• [Assignment]: Leaving out the images, please reproduce each line below exactly.

• [Raw data]:
..........
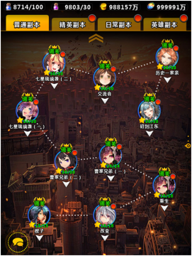 游戏中玩家将化身主公踏上战斗征程,将会参加各个章节的战斗,每个副本分为不同的章节挑战不同的武将BOSS,通过后以获得道具和奖励。要特别注意的是,只有玩家达到100级之后才能解锁精英关卡。
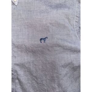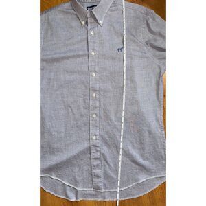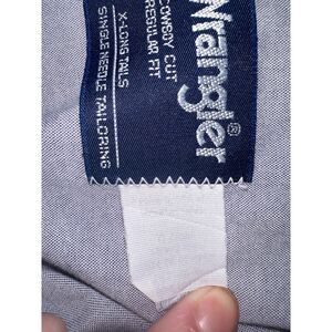 Vintage men's Wrangler button up Western shirt. Embroidered horse logo. Wrangler Cowboy Cut Regular Fit X-Long Tails Single Needle Tailoring. Tag is not readable. Measurements provided from pit to pit show 23-24", which is consistent with men's large. Front length measures 30.5 inches, back measures 32 inches. Very good condition vintage shirt. Only flaw is some discoloration at the fold of the collar, shown in pictures. Coming from smoke free pet free home.
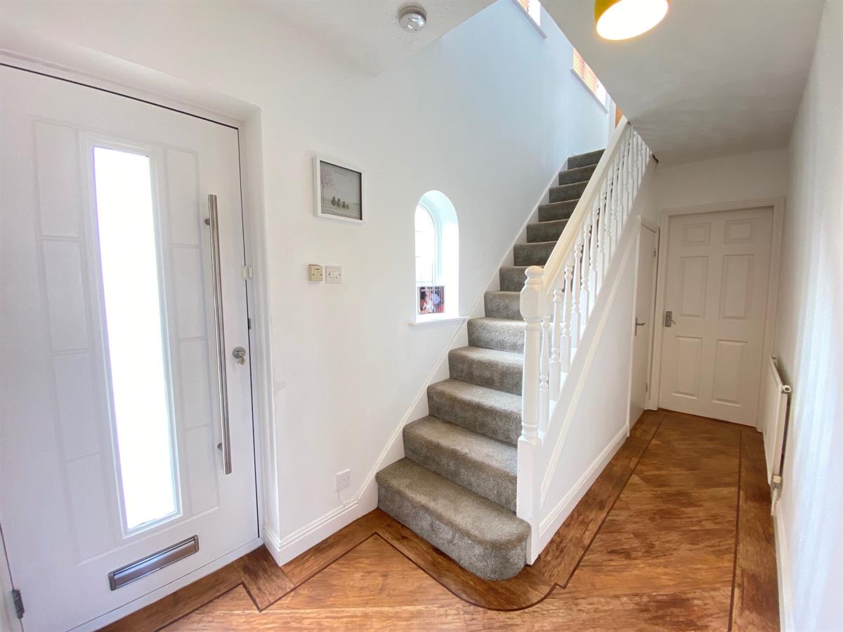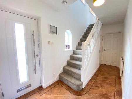Having stairs rising to the first floor landing, Karndean flooring throughout, single panelled radiator. Doors off to all further rooms and understairs storage cupboard.
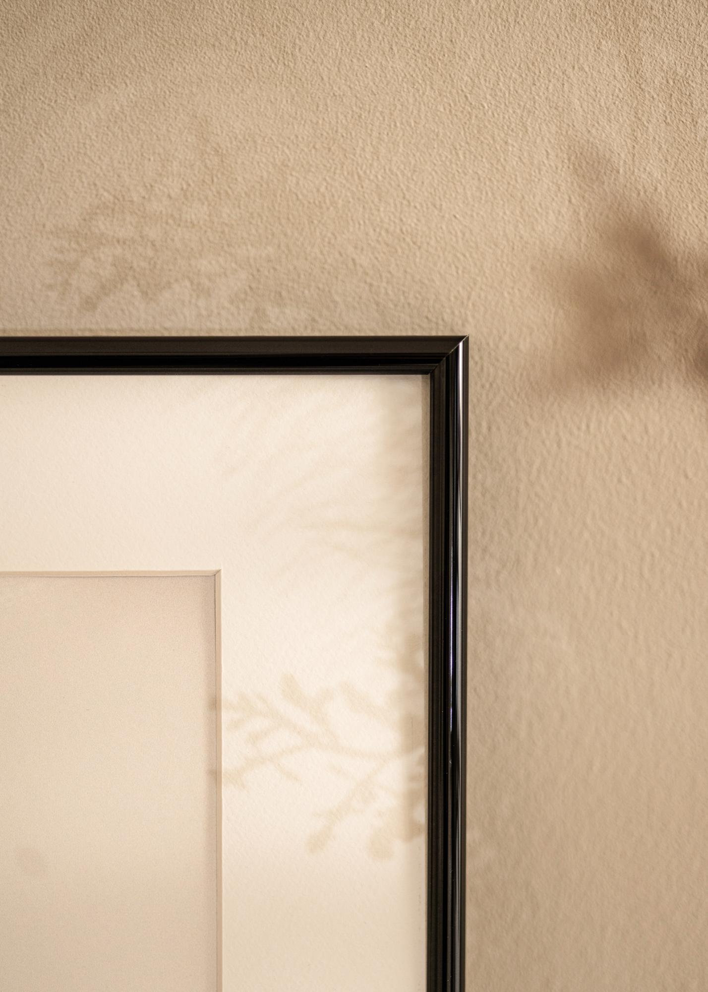 A modern, high-gloss black picture frame with brushed sides that's 26 mm deep. The picture frame's deep form makes your pictures stand off of the wall and creates a gorgeous 3D effect. Perfect when you're looking for a simple black picture frame that gives your photos a touch of elegance.
..........
• [Response box]:
 游戏中玩家将化身主公踏上战斗征程,将会参加各个章节的战斗,每个副本分为不同的章节挑战不同的武将BOSS,通过后以获得道具和奖励。要特别注意的是,只有玩家达到100级之后才能解锁精英关卡。
 Vintage men's Wrangler button up Western shirt. Embroidered horse logo. Wrangler Cowboy Cut Regular Fit X-Long Tails Single Needle Tailoring. Tag is not readable. Measurements provided from pit to pit show 23-24", which is consistent with men's large. Front length measures 30.5 inches, back measures 32 inches. Very good condition vintage shirt. Only flaw is some discoloration at the fold of the collar, shown in pictures. Coming from smoke free pet free home.
Having stairs rising to the first floor landing, Karndean flooring throughout, single panelled radiator. Doors off to all further rooms and understairs storage cupboard.
 A modern, high-gloss black picture frame with brushed sides that's 26 mm deep. The picture frame's deep form makes your pictures stand off of the wall and creates a gorgeous 3D effect. Perfect when you're looking for a simple black picture frame that gives your photos a touch of elegance.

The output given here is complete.